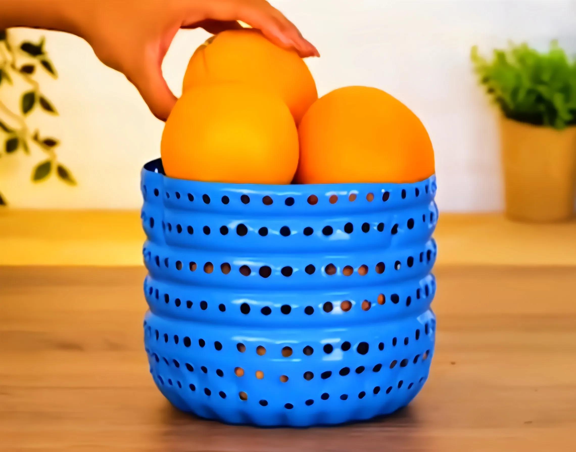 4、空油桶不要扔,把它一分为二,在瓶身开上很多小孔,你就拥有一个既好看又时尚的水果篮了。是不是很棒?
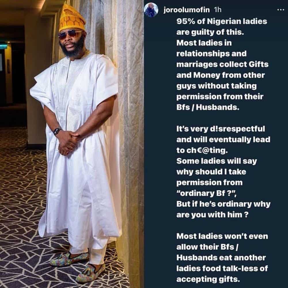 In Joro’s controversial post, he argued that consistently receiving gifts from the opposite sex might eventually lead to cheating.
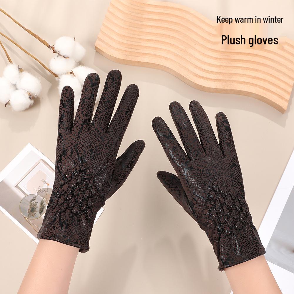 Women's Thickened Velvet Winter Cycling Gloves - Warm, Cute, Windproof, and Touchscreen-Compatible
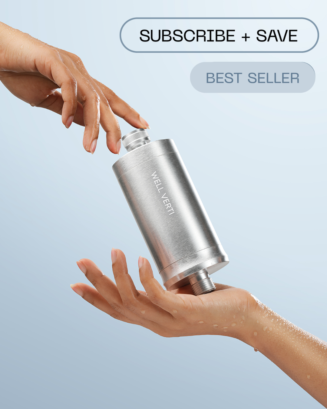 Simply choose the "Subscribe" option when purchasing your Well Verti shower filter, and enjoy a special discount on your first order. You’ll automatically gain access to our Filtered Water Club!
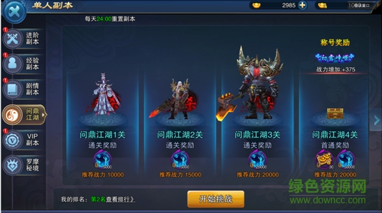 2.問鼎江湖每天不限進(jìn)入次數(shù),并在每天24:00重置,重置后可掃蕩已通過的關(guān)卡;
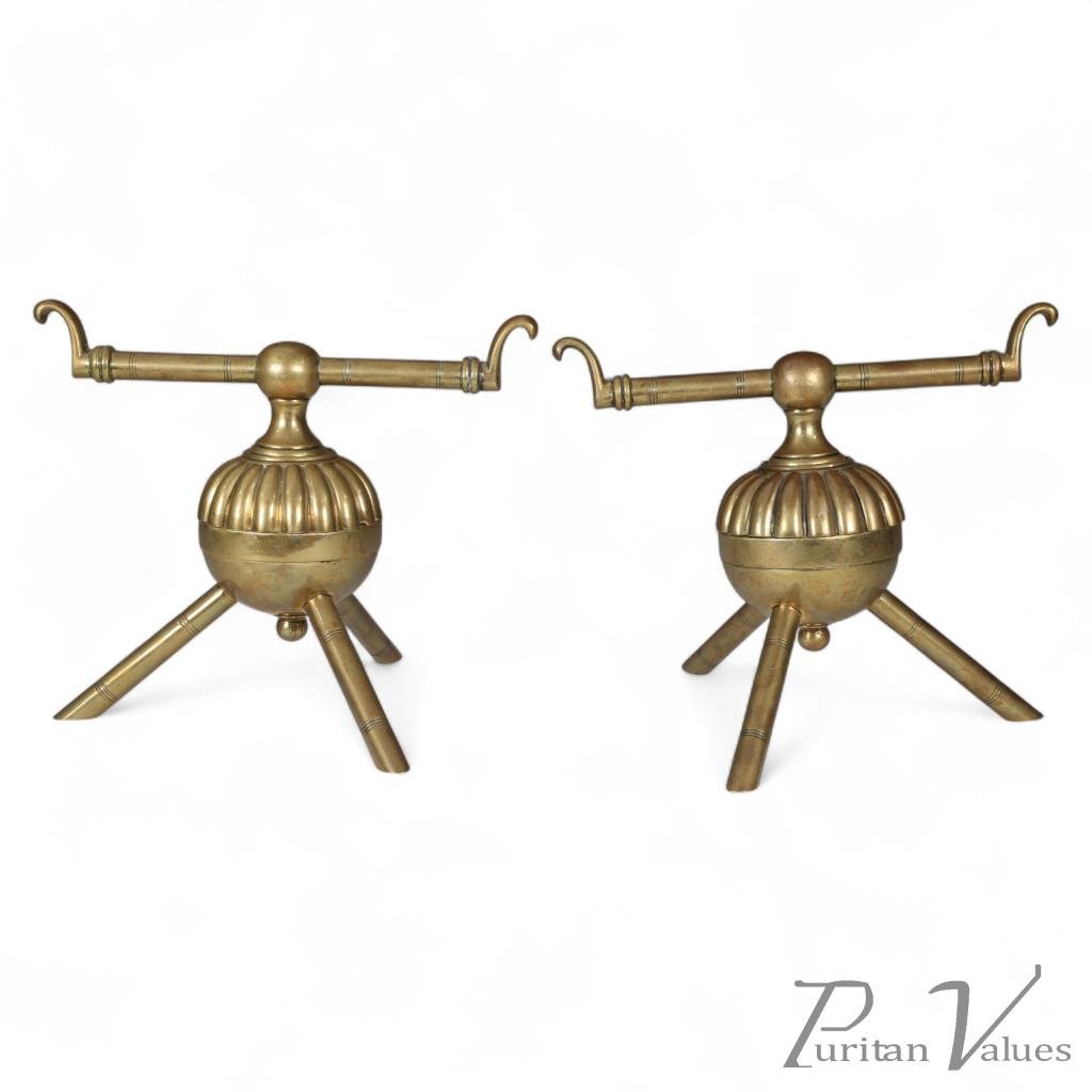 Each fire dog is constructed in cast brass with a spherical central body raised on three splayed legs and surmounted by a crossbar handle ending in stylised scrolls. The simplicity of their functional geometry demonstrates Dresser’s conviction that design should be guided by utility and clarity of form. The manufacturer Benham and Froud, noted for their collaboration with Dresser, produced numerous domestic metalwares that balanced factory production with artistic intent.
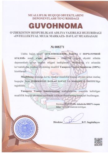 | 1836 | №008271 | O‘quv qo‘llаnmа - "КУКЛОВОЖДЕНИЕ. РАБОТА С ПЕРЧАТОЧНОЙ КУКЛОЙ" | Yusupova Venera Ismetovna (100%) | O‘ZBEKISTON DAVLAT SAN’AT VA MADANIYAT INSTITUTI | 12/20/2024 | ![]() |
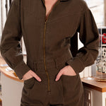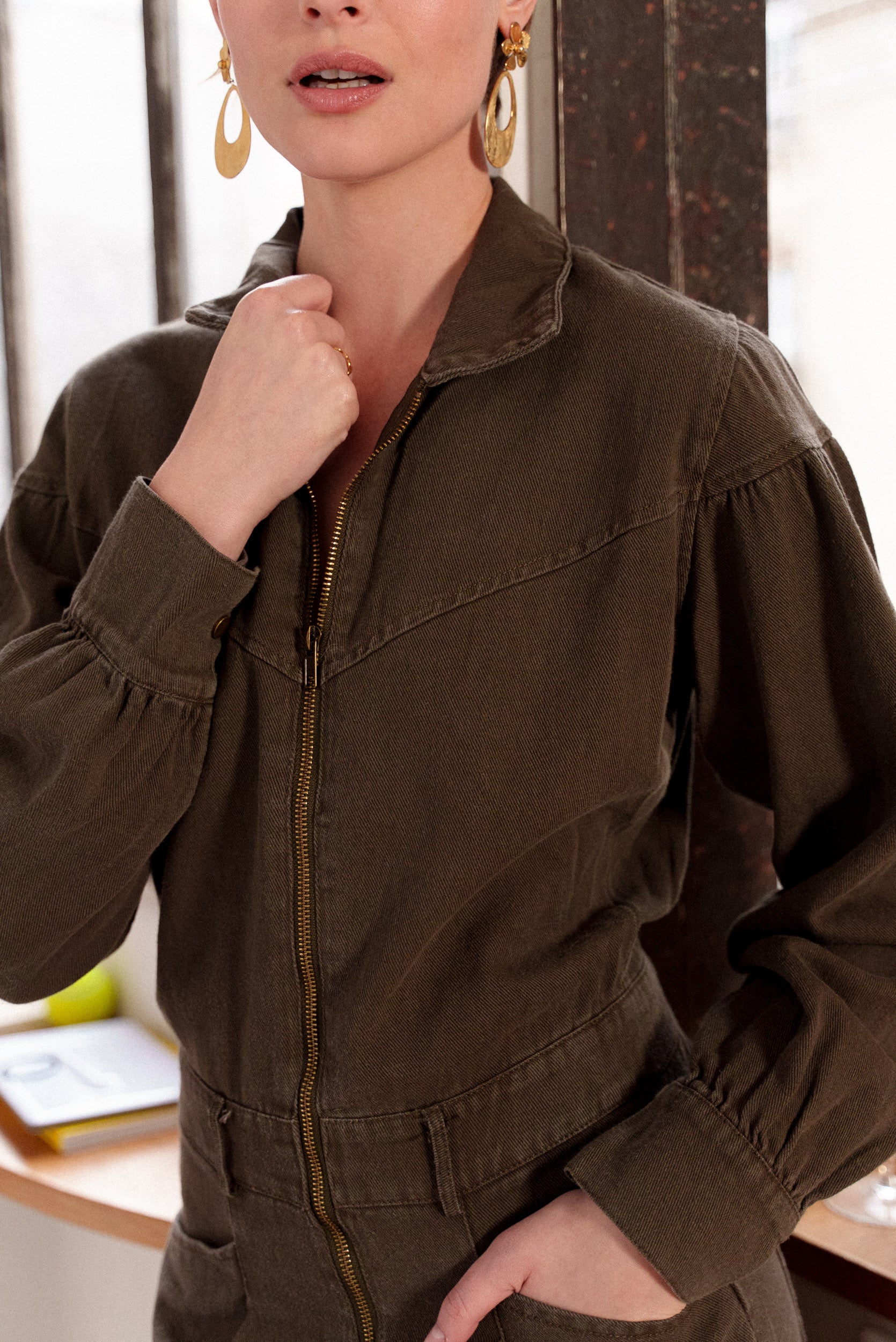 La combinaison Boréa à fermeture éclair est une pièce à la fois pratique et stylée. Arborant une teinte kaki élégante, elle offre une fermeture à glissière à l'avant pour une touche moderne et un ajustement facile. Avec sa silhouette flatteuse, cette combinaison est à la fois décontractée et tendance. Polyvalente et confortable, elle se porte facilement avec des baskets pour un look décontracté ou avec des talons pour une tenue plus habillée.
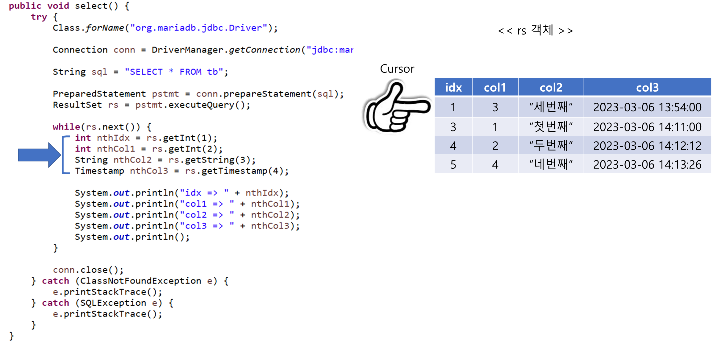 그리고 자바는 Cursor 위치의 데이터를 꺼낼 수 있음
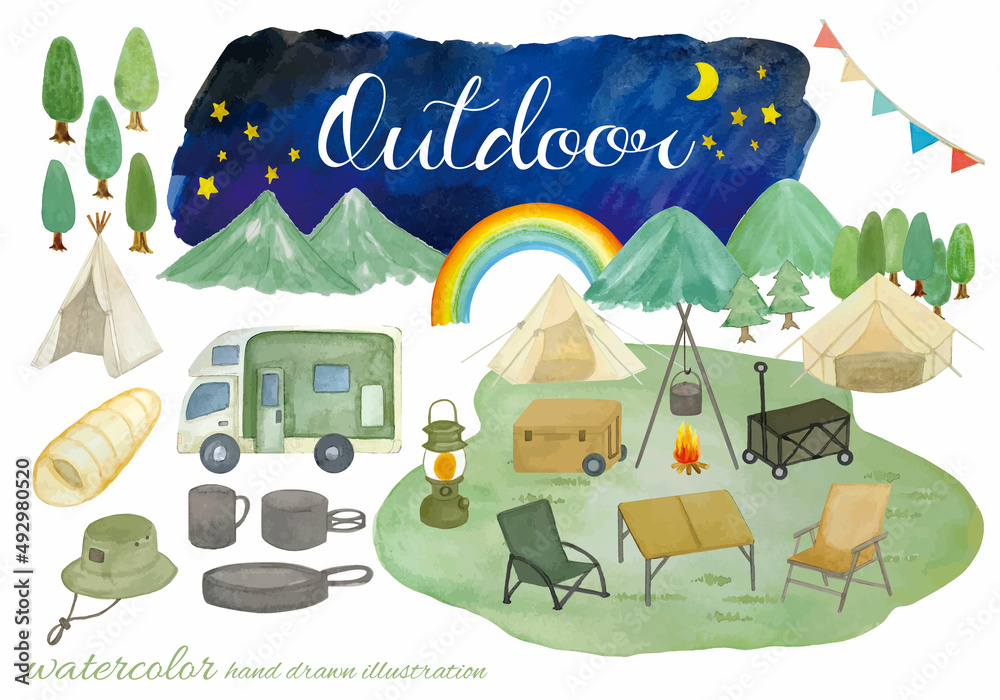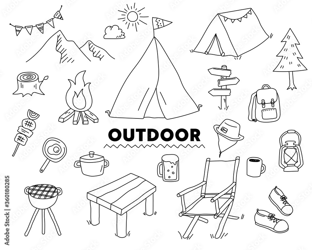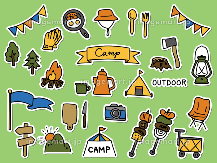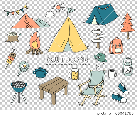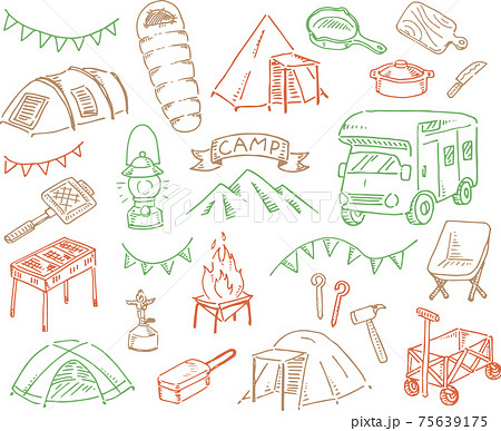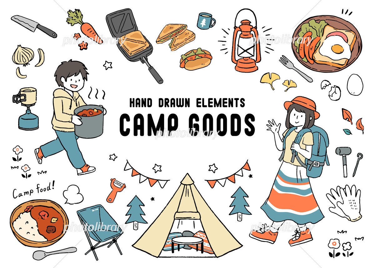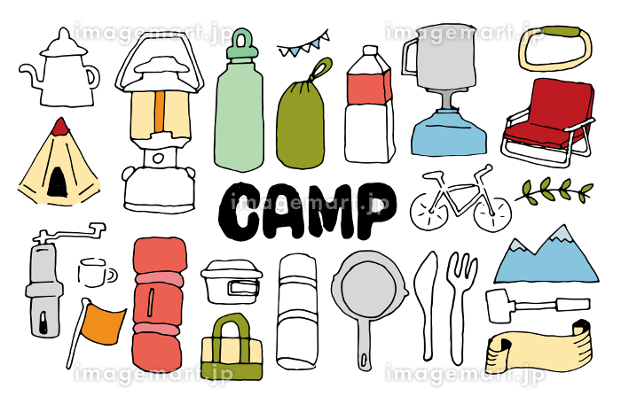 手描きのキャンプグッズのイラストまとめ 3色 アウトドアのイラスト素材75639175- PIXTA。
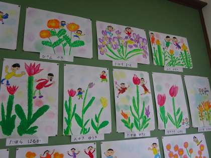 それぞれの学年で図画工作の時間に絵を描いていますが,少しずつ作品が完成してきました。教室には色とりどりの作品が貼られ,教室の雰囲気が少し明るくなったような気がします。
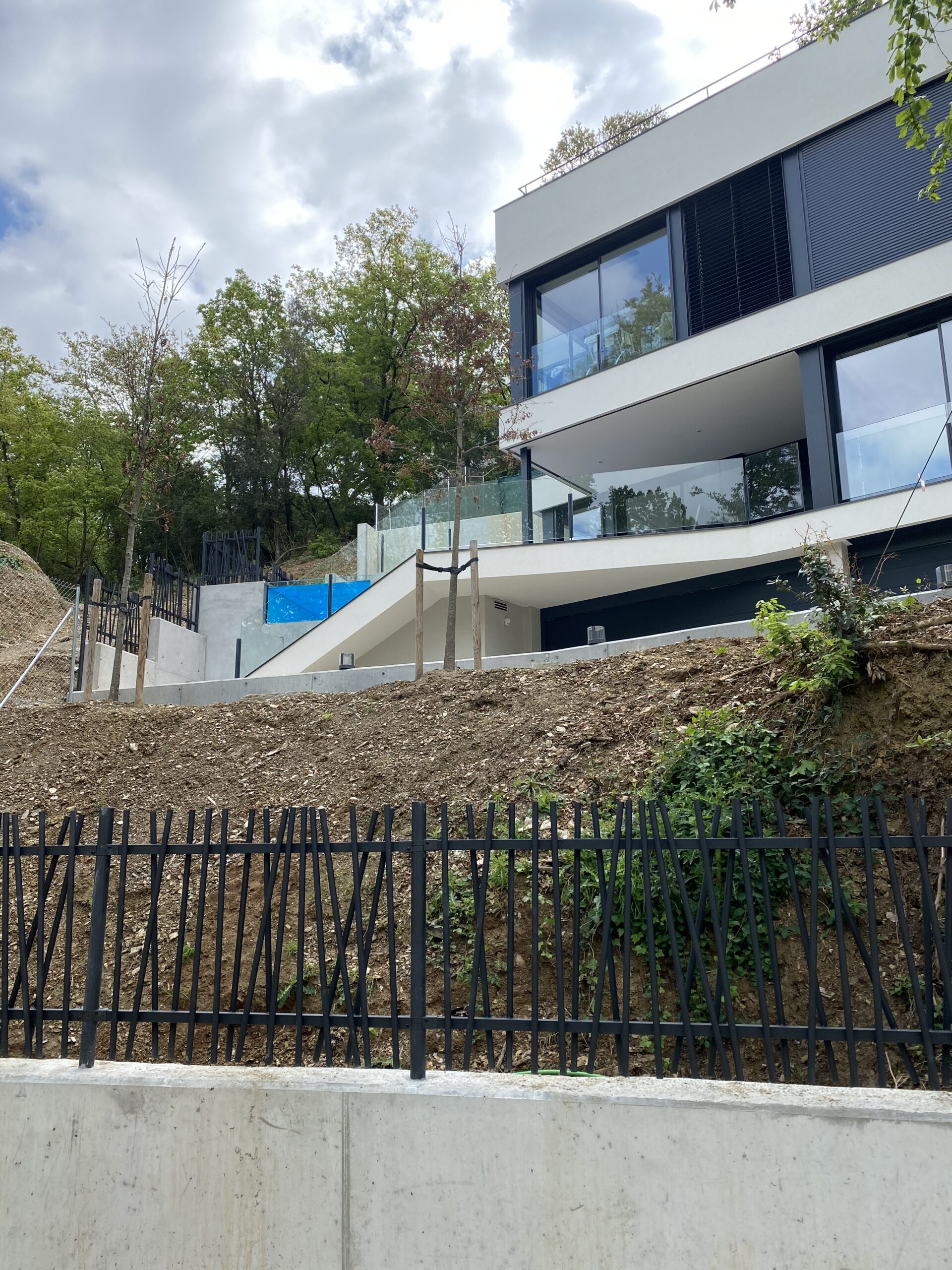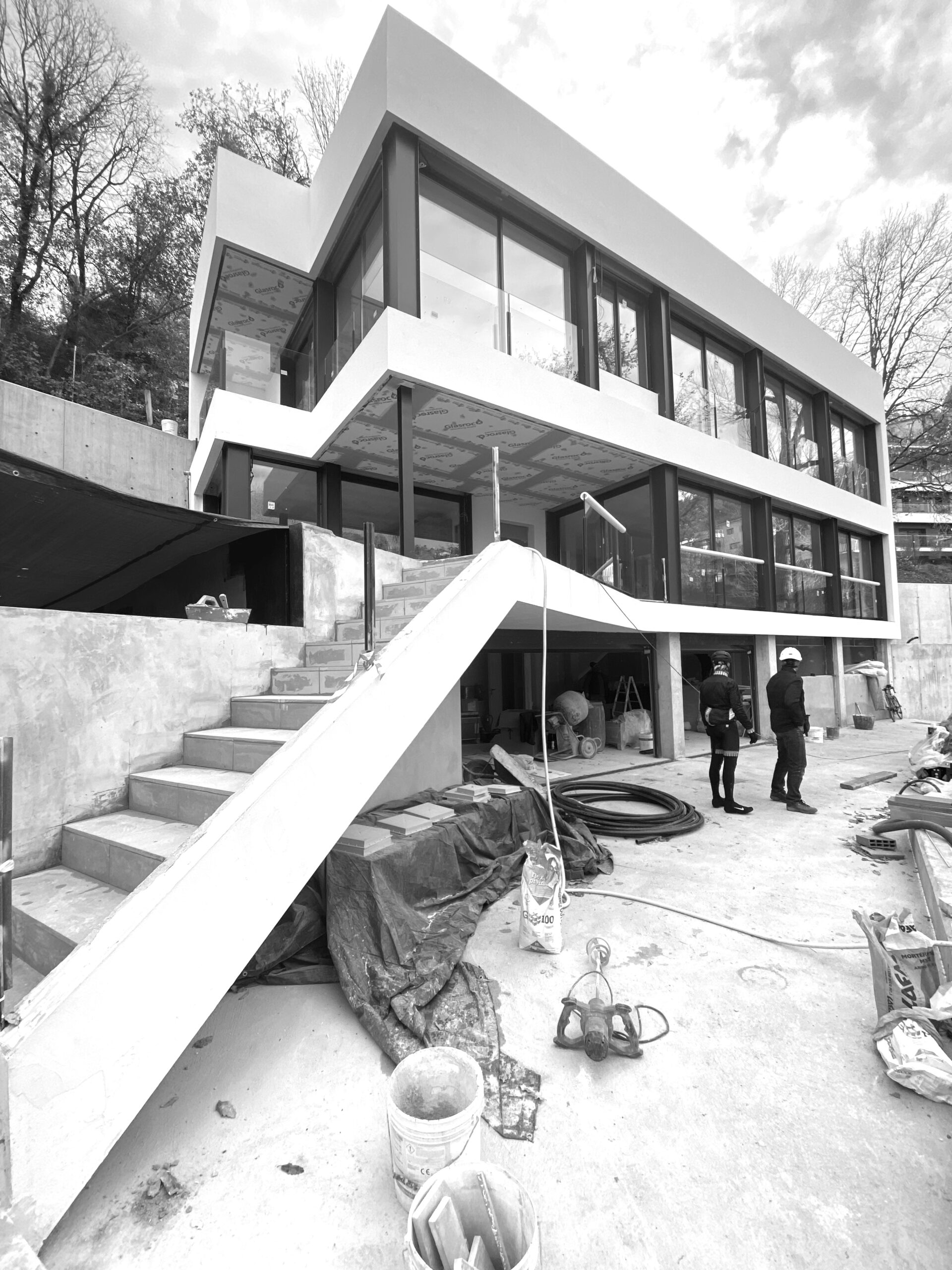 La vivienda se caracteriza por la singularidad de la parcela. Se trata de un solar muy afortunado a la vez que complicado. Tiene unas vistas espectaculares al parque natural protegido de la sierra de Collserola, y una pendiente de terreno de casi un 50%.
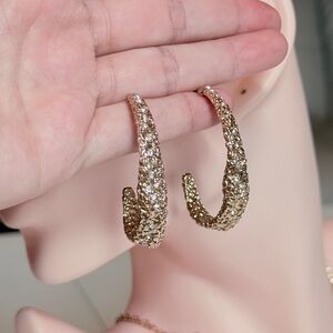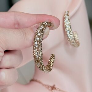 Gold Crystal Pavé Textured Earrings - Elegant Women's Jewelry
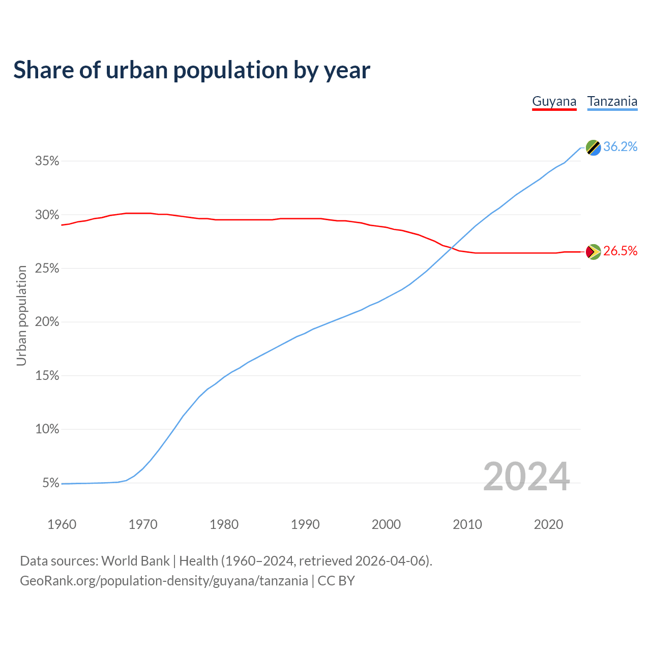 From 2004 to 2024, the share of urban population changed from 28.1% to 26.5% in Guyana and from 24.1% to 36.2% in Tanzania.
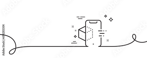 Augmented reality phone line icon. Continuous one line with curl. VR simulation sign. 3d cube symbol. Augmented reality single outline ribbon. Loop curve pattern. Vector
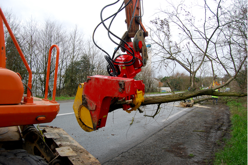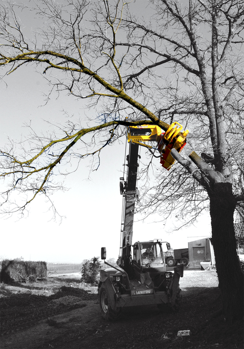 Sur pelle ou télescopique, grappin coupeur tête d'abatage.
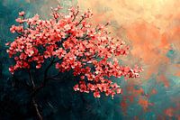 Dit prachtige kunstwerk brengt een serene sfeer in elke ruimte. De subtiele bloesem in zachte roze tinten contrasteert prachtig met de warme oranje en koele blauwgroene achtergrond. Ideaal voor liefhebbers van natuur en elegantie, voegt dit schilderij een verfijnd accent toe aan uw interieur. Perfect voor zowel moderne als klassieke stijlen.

+ + + + + + +

# What this task involves
The response is to contain exactly the lines from the beginning of the data through the line containing "2.問鼎江湖每天不限進(jì", both ends included, and nothing else; omit the pictures.

# Reply to the exercise
 4、空油桶不要扔,把它一分为二,在瓶身开上很多小孔,你就拥有一个既好看又时尚的水果篮了。是不是很棒?
 In Joro’s controversial post, he argued that consistently receiving gifts from the opposite sex might eventually lead to cheating.
 Women's Thickened Velvet Winter Cycling Gloves - Warm, Cute, Windproof, and Touchscreen-Compatible
 Simply choose the "Subscribe" option when purchasing your Well Verti shower filter, and enjoy a special discount on your first order. You’ll automatically gain access to our Filtered Water Club!
 2.問鼎江湖每天不限進(jìn)入次數(shù),并在每天24:00重置,重置后可掃蕩已通過的關(guān)卡;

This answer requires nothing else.